Antwoord op vraag 15
Pijler 1 van de strategie 2025–2028 ziet op de ambitie van de Douane om in de handhaving
meer te sturen op maatschappelijke effecten. Binnen deze pijler zal de handhaving
op alle taakgebieden waar de Douane actief is, zich richten op de grootste maatschappelijke
risico’s die binnen het taakgebied bekend zijn. Daar waar handhaving nodig is, zal
de Douane dit blijven uitvoeren.
VRAAG 16
Vraag 16
Op welke manier raakt de taakstelling groei apparaat Rijksoverheid de ontvangsten?
Antwoord op vraag 16
Naar aanleiding van het hoofdlijnenakkoord is een taakstelling op de apparaatsbudgetten
(70,7 miljoen euro) en externe inhuur (9,1 miljoen euro) van het Ministerie van Financiën
oplopend tot per saldo 79,8 miljoen euro structureel doorgevoerd. De korting is technisch
berekend op alle apparaatsuitgaven- en apparaatsontvangstenbudgetten. Dit betekent
dat betreffende budgettaire taakstellingsmutaties boekhoudtechnisch gezien zowel de
uitgaven (92,2 miljoen euro lagere uitgavenraming) als de ontvangsten (12,4 miljoen
euro lagere ontvangstenraming) raken. Deze twee deelreeksen staan beide vermeld in
de paragraaf Belangrijkste Mutaties. Deze twee reeksen leiden per saldo tot de korting
van 79,8 miljoen euro op de Financiënbegroting. Dit is de opgaaf waar het Ministerie
van Financiën invulling aan moet geven met concrete keuzes en maatregelen.
VRAAG 17
Vraag 17
Op welke manier gaat het Ministerie van Financiën invulling geven aan de taakstelling
groei apparaat Rijksoverheid in 2025 en verder?
Antwoord op vraag 17
De gehele taakstelling op apparaat bedraagt 70,7 miljoen euro structureel. In deze
ontwerpbegroting 2025 is het gedeelte van de apparaatstaakstelling die ingaat vanaf
begrotingsjaar 2025, van 15,6 miljoen euro structureel, reeds concreet doorverdeeld
naar diverse organisatieonderdelen van het ministerie. De concrete verdeling van de
resterende taakstellingsreeks 2026–2029, 55,1 miljoen euro structureel, over de apparaatsbudgetten
van Financiën wordt nog nader uitgewerkt. Hiertoe worden dit najaar besparingsopties
geinventariseerd en de benodigde keuzes in kaart gebracht. Zoals ook in het regeerprogramma
aangegeven, zal ik uw kamer via de reguliere begroting en jaarverslagen informeren
over de maatregelen waarmee de verdere taakstelling wordt ingevuld.
VRAAG 18
Vraag 18
Op welke manier wordt gewaarborgd dat de intensivering InvestNL zorgt voor de maximale
groei van het verdienvermogen van Nederland?
Antwoord op vraag 18
Invest-NL draagt eraan bij de Nederlandse economie duurzamer en innovatiever te maken,
door eigen vermogen (het kernkapitaal) te investeren en door het mobiliseren van kapitaal
van marktpartijen, overheden en vanuit de EU. Doorgaans leidt 1 euro van Invest-NL
tot het mobiliseren van aanvullende 3 euro van private vermogensverschaffers. Op deze
manier bevordert Invest-NL de groei van het verdienvermogen van Nederland. Met blended
finance wordt vooral ingezet op projectontwikkeling met hoge maatschappelijke baten,
bijvoorbeeld in de energietransitie. Met de aanvullende middelen die het kabinet ter
beschikking stelt aan onder andere het kernkapitaal (via de begroting van Financiën)

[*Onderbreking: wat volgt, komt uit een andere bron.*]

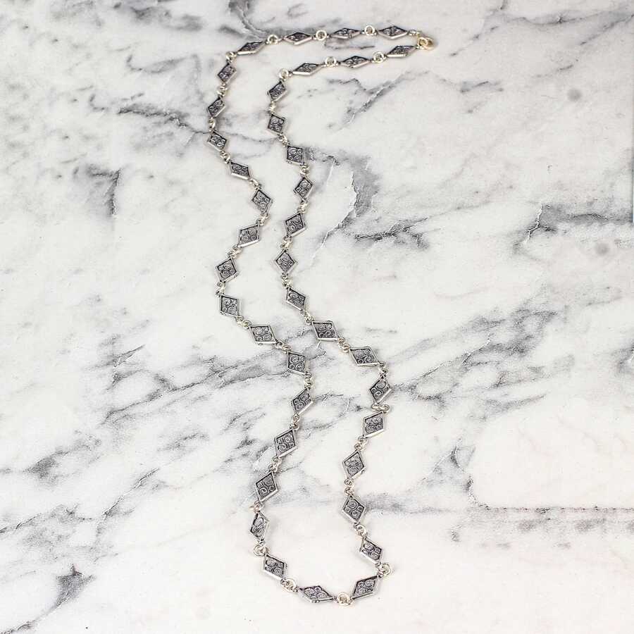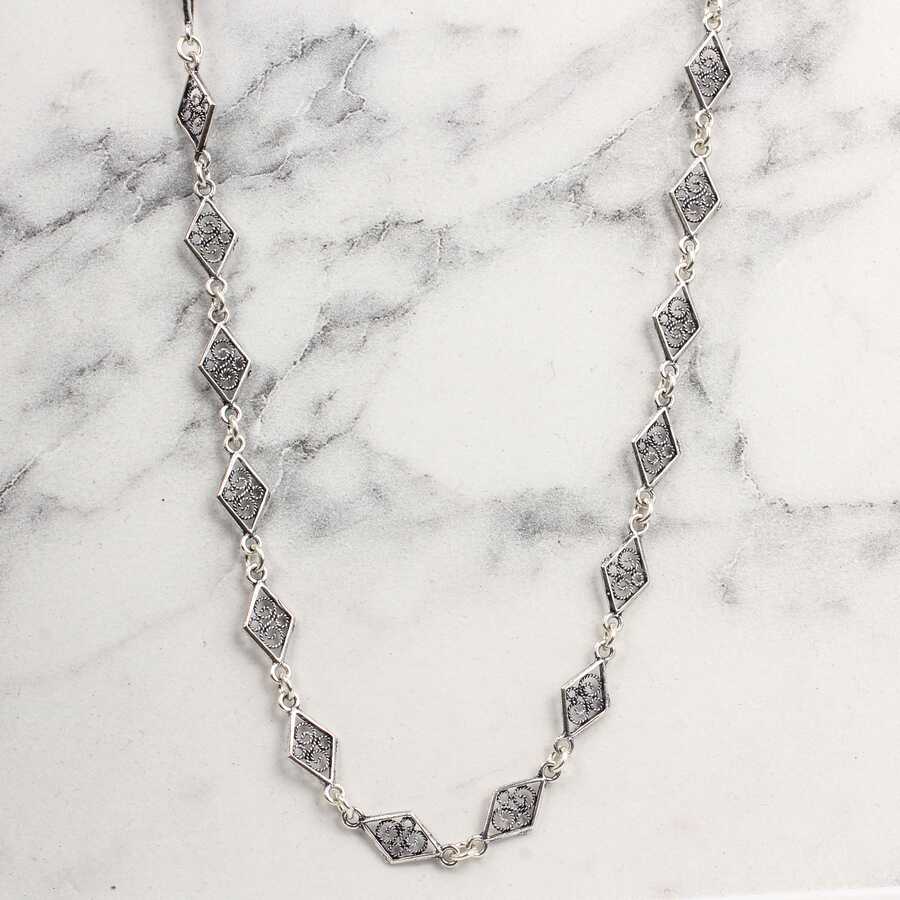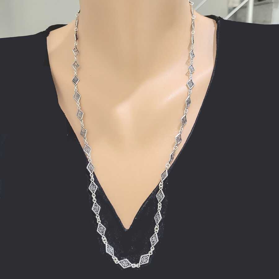 925 Ayar Gümüş 60 cm Baklava Telkâri Zincir Kolye
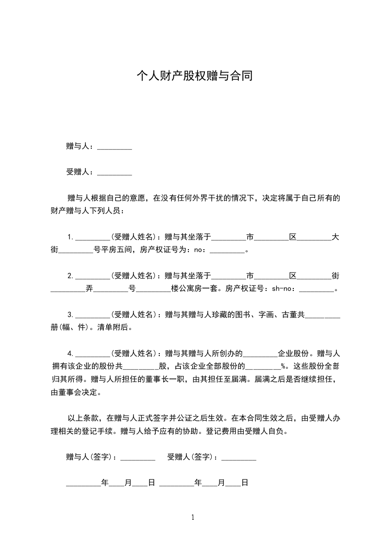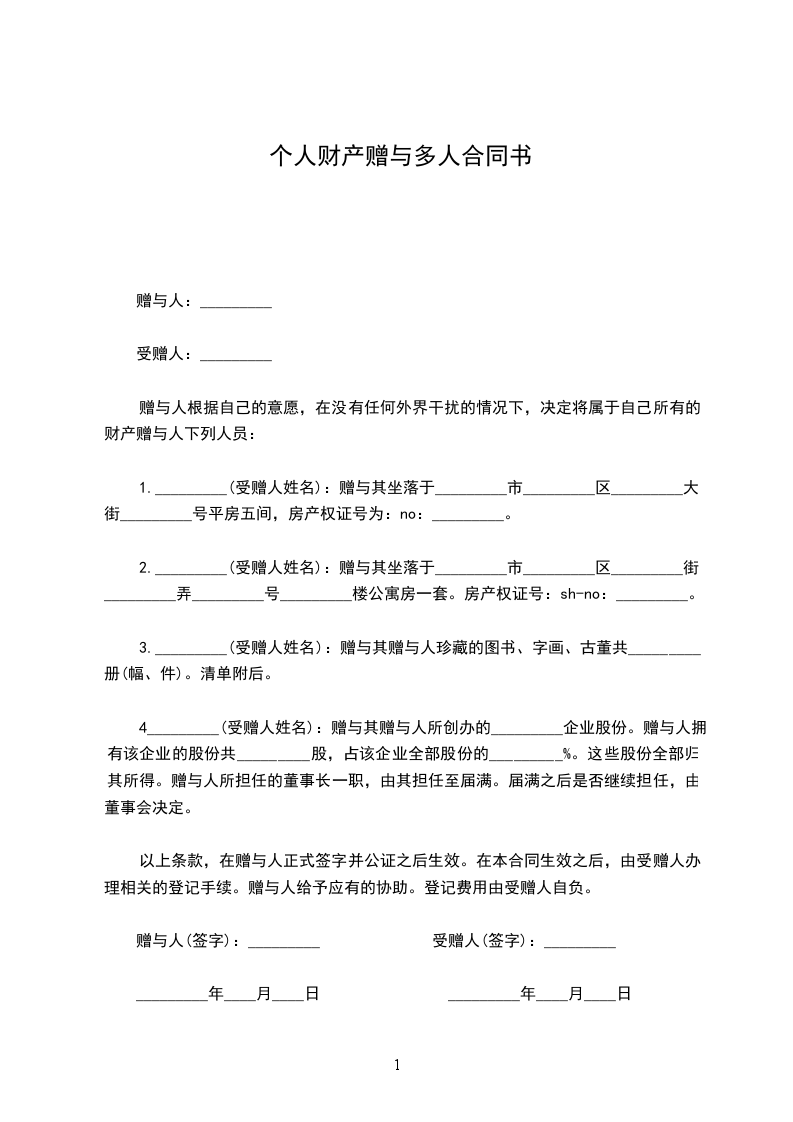 赠与人:______________

en blended finance (via de begroting van Economische Zaken) kan Invest-NL méér financiering
verstrekken aan het Nederlandse bedrijfsleven.

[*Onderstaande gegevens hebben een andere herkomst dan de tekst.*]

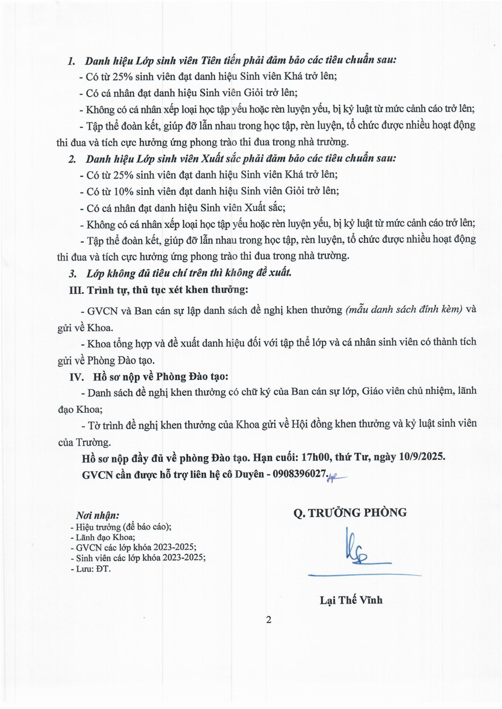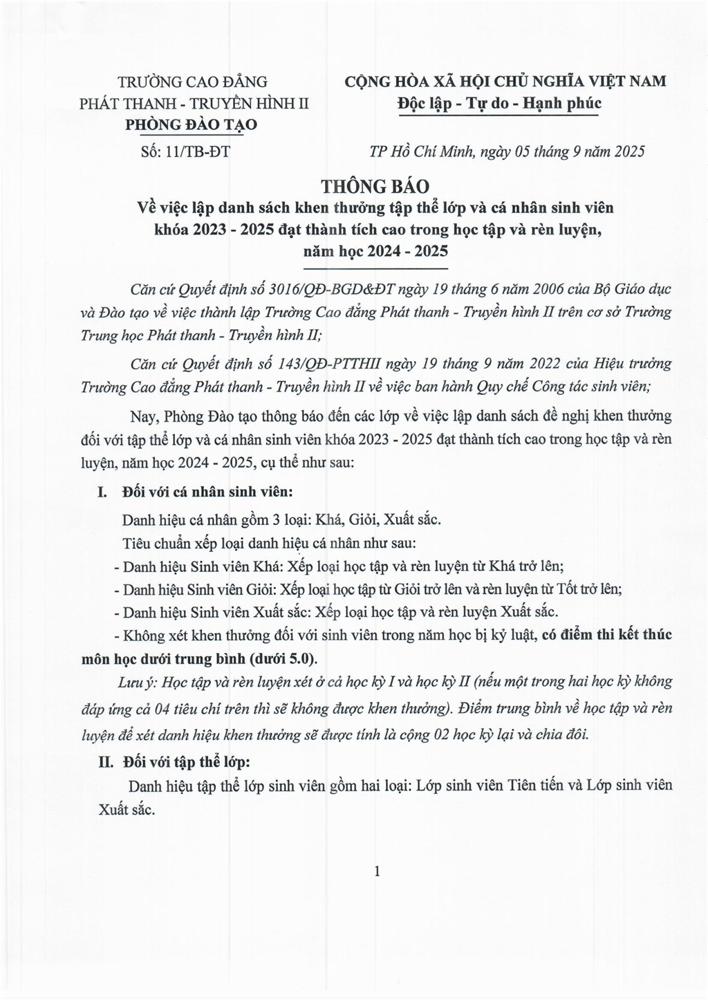 Thông báo về việc lập danh sách khen thưởng tập thể lớp và cá nhân sinh viên khóa 2023 - 2025 đạt thành tích cao trong học tập và rèn luyện, năm học 2024 - 2025

Het doel, de taken en de voorwaarden voor de taakuitoefeningen van Invest-NL zijn
wettelijk vastgelegd (Machtigingswet oprichting Invest-NL). De Nederlandse staat,
als aandeelhouder van Invest-NL, wordt periodiek geïnformeerd door Invest-NL over
haar belangrijkste resultaten. Een externe tussentijdse evaluatie in 2022 (Dialogic,
21 oktober 2022) gaf een voorlopig positief beeld van het functioneren van Invest-NL.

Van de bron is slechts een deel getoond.